<table border="1" cellspacing="0" cellpadding="8">
    <tr>
        <th>Issue</th>
        <td>
            <a href=https://github.com/llvm/llvm-project/issues/56316>56316</a>
        </td>
    </tr>

    <tr>
        <th>Summary</th>
        <td>
            Missed oppurtunity to fold vmerge into using vadd
        </td>
    </tr>

    <tr>
      <th>Labels</th>
      <td>
            backend:RISC-V,
            performance
      </td>
    </tr>

    <tr>
      <th>Assignees</th>
      <td>
      </td>
    </tr>

    <tr>
      <th>Reporter</th>
      <td>
          preames
      </td>
    </tr>
</table>

<pre>
    This is a performance opportunity noted when analyzing sqlite3. Filing this with reproduction instructions for the original observation and some analysis below, plan to follow up with reduced test cases when I have some time.

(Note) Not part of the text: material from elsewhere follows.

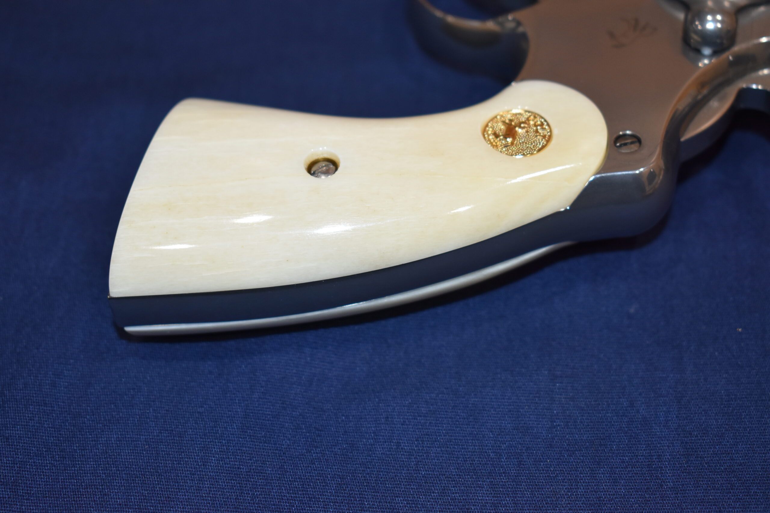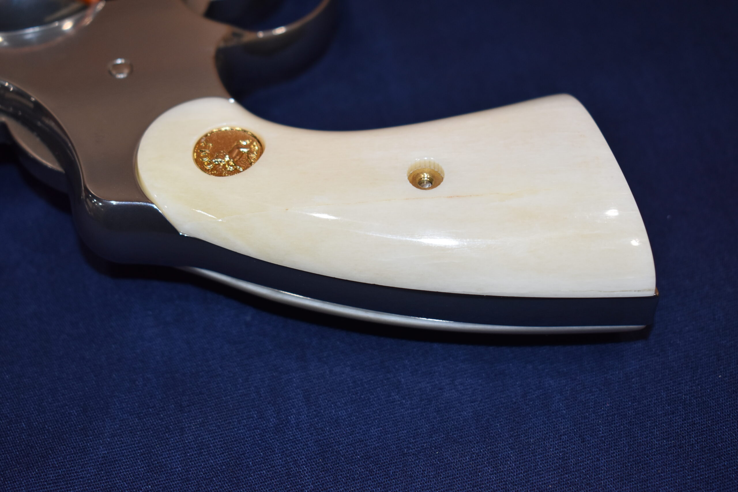 THIS IS A CUSTOM SET OF PREMIUM GRADE GIRAFFE BONE GRIPS MADE TO FIT THE COLT PYTHON & OTHER I FRAME REVOLVERS SUCH AS THE OFFICER’S MODEL MATCH AND OFFICIAL POLICE. THEY ARE GENUINE GIRAFFE BONE NOT IMITATION. THEY HAVE A CREAMY WHITE COLOR THAT REMINDS YOU OF IVORY. THIS SET HAS GOLD COLT MEDALLIONS INSTALLED. THEY ARE SHOWN MOUNTED ON ONE OF THE NEW 4″ STAINLESS PYTHONS. TAKE A CLOSE LOOK AT THE PICTURES AS THEY DESCRIBE THE GRIPS BETTER THAN WORDS.Â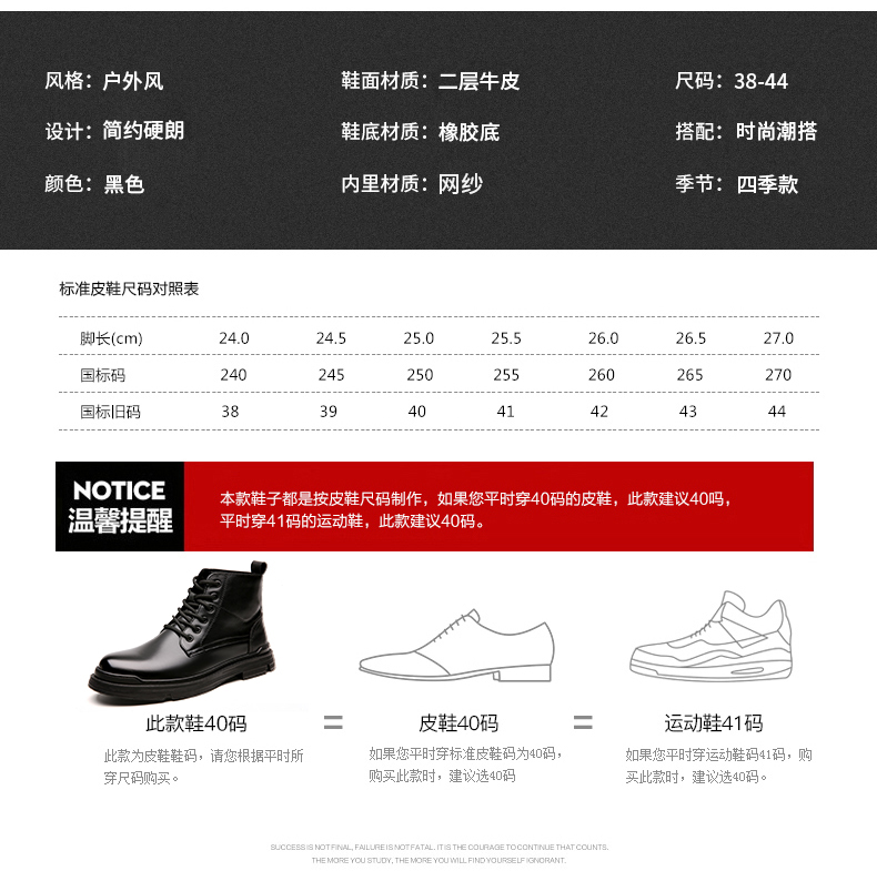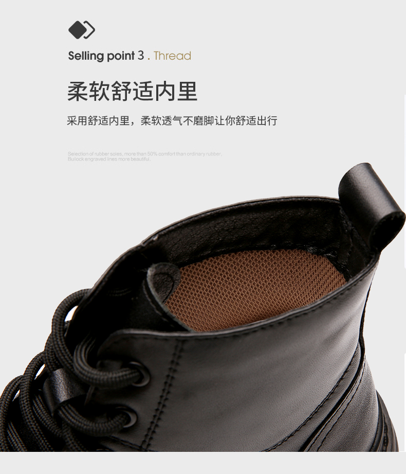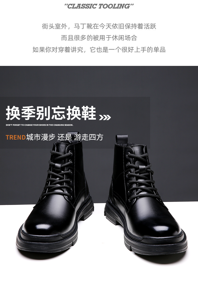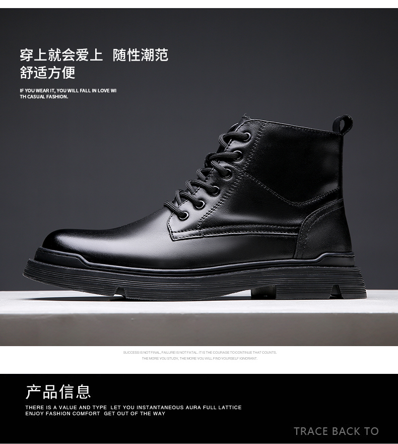 版型合脚不易挤脚,优质橡胶大底设计,缓震耐磨,防滑耐穿。经典8孔系带设计,英伦风高帮款式,轻松驾驭休闲商务等多个场合,百搭穿着。

`$clang -isystem $GNU_TOOLCHAIN_DIR/sysroot/usr/include/ --target=riscv64 -mllvm -riscv-v-vector-bits-min=256 -mllvm -scalable-vectorization=on -Xclang -target-feature -Xclang +v,+f,+m,+c,+d,+zba sqlite-autoconf-3380500/sqlite3.c -c -O2 -g`

The amalgamation file is taken from the sqlite3 website.

Non optimal assembly observed:

```
    vmv.v.i    v16, 9
.LBB785_98: <-- this is a loop header, v16 does not change in loop
    vsetvli    zero, zero, e8, m1, ta, mu
    vluxei64.v    v17, (s4), v8
    vand.vx    v18, v17, a4
    vmseq.vi    v0, v18, 0
    vmerge.vim    v18, v16, 0, v0
    vadd.vv    v17, v18, v17
```
We're using the vmerge to materialize a vector of either 9 or zero depending on a mask.  This can be folded into the consuming add by simply doing a masked add of 9.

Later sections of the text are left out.